Phosphorus and metals contents were determined spectrophotometrically using a Beckman Spectra Span IV Direct Coupled Plasma (DCP) spectrophotometer or an Indirect Coupled Plasma (ICP) spectrophotometer. The detection wavelengths and detection limits were: phos-phorus 213.618 nm, 0.09 mg/l; calcium 315.887 nm, 0.03 mg/l; magnesium 279.553 nm, 0.0002 mg/l; iron 259.940 nm, 0.007 mg/l.
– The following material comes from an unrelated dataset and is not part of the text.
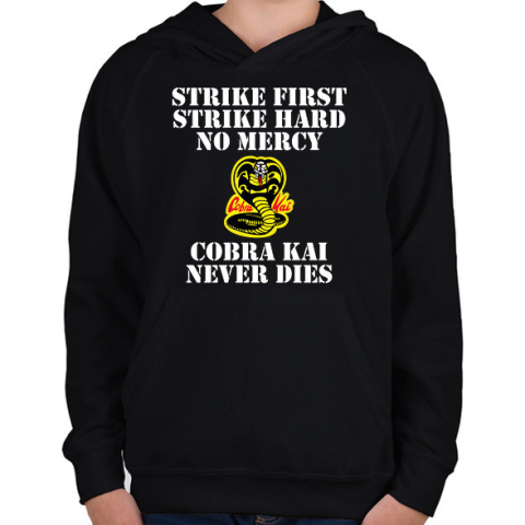 1 kép PRINTFASHION Cobra Kai never dies - Gyerek kapucnis pulóver - Fekete

Soap concentrations were determined according to A.O.C.S. Recommended Practice Cc 17-79.
Red color bodies were determined with the Beckman Spectrophotometer using the absorbance at 450 nm or by Lovibond Tintometer PFX990 (HF Scientific, Inc.) using A.O.C.S. color scales. Absorption of chlorophyll pigments were determined with a Beckman Spectrophotometer. Oxidative Stability was determined with an Omnion ADM Oxidative Stability Instrument. Peroxide values (PV) were determined by A.O.C.S. Recommended Practice Cd 8b-90. Free fatty acids (FFA) determined by A.O.C.S. Official Method Ca 5a-40.
Pre-treatments
The starting clay material was ground to approximately ⅛ inch in size in a hammer mill and dried to a free moisture level of less than about 5 weight percent, based on the weight of the clay. The clay was allowed to cool and malic acid was mixed and co-ground with the clay in a laboratory Mikro-Pulverizer in amounts up to about 8 weight percent based on the weight of the clay.
The size of the clay particles was comparable to the size of the organic acid particles, i.e., about 650 weight percent of the co-ground particles passed through a 325 mesh sieve, U.S. Sieve Series. The preferred size distribution is when the ratio of the mean clay particle size to the mean acid particle size is in the range of about 0.8 to about 1.2.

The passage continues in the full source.